Caring for our elders is one of the traits that is uniquely attributed to the human experience. In fact, years before there were modern technologies or advanced medication, our ancestors took great care of their elderly and greatly respected their wisdom. More recently, we have picked up on a few trends that seem to be rapidly changing the way long-term care organizations approach their services. The following are some of the newest trends in family caregiving and how you can adapt to them:
Caregivers are Outnumbered
One rather concerning trend, is that the number of family and professional carers is slowly being outpaced by the number of elders in need of care. In fact, interest in caregiving as a career choice has rapidly diminished in recent years, making finding more ways to encourage individuals to develop a career in the industry more important. One way to combat the potential shortages is teaching carers new skills, and providing incentives so they can advance up the career ladder. Employers in the long-term care industry might also encourage individuals to become carers by highlighting the positive impact that they make in the lives of elders.
Carers Perform Complex Tasks
In the past, carers were primarily responsible for the personal care needs for the elderly, leaving more complex medical tasks to licensed professionals. These days, carers are trained to provide assistance with medication reminders, catheter cleaning and drainage and a myriad of other skills that improves their worth and flexibility. Properly educating carers on complex tasks is incredibly important as providing these services allows the elderly to receive care in the home.
A Holistic Approach is Important to Provide the Best Possible Care
While carers often take the lead in providing care for elders, it is important that nurses, doctors, pharmacists, therapists, and other pertinent healthcare professions are a part of the holistic plan of care. Jesse Lyle Bootman has spent much time researching the positive benefits of an inquisitive doctor that is capable of understanding their patients and providing for their needs. By taking a proactive approach instead of a reactive one, it is possible to provide better care services by establishing a better understanding of what seniors need and to access pertinent services they need.

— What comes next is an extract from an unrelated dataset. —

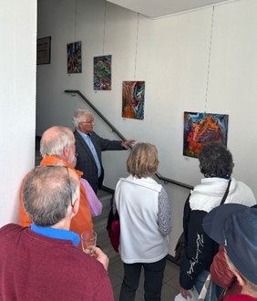 Die Eröffnung wurde von Sarah Semrau am E-Piano musikalisch begleitet. Zahlreiche Gäste waren gekommen - Familie, Freunde, Nachbarn, Bekannte, aber auch Kolleginnen und Kollegen aus der Stadtverwaltung, um die Arbeiten des Wareners zu bestaunen. Der Bürgermeister Norbert Möller begrüßte die Anwesenden mit herzlichen Worten und würdigte das kreative Engagement des Rentners, der mit viel Hingabe und Experimentierfreude seine künstlerischen Ideen verfolgt. Anschließend sprach Horst Hien selbst über seinen Weg zur Malerei: Während der Pandemie begann er, mit Farben zu experimentieren - zunächst unsicher, wie man Farben mischt, verdünnt und kombiniert. Doch schon bald entstand sein erstes Bild mit dem Titel „Gefühl für Farben bekommen“. Ein Werk, das den Auftakt zu einer beeindruckenden Reise markierte. Nach dieser Einführung ging es auf einen gemeinsamen Rundgang durch die Ausstellung - von der ersten bis zur vierten Etage. Es sind insgesamt 50 Bilder zu sehen, begleitet von persönlichen Erläuterungen des Malers zu Entstehung und Technik.

Many Employees are also Caregivers
Many large companies are noticing a trend in the number of their employees that are caring for an elder of a child with special needs in addition to working full time. Juggling caregiving responsibilities can negatively impact an employee’s performance. As a result, some working caregivers may miss advancement opportunities. There are multiple ways employers can support working caregivers, however, it generally involves the kindness of the company to understand the conditions of their employees. With a better understanding, companies can provide services to help with employees with their caregiving roles and offer peace of mind by ensuring that their employees won’t miss out on benefits and advancement opportunities as a result of taking care of a love one.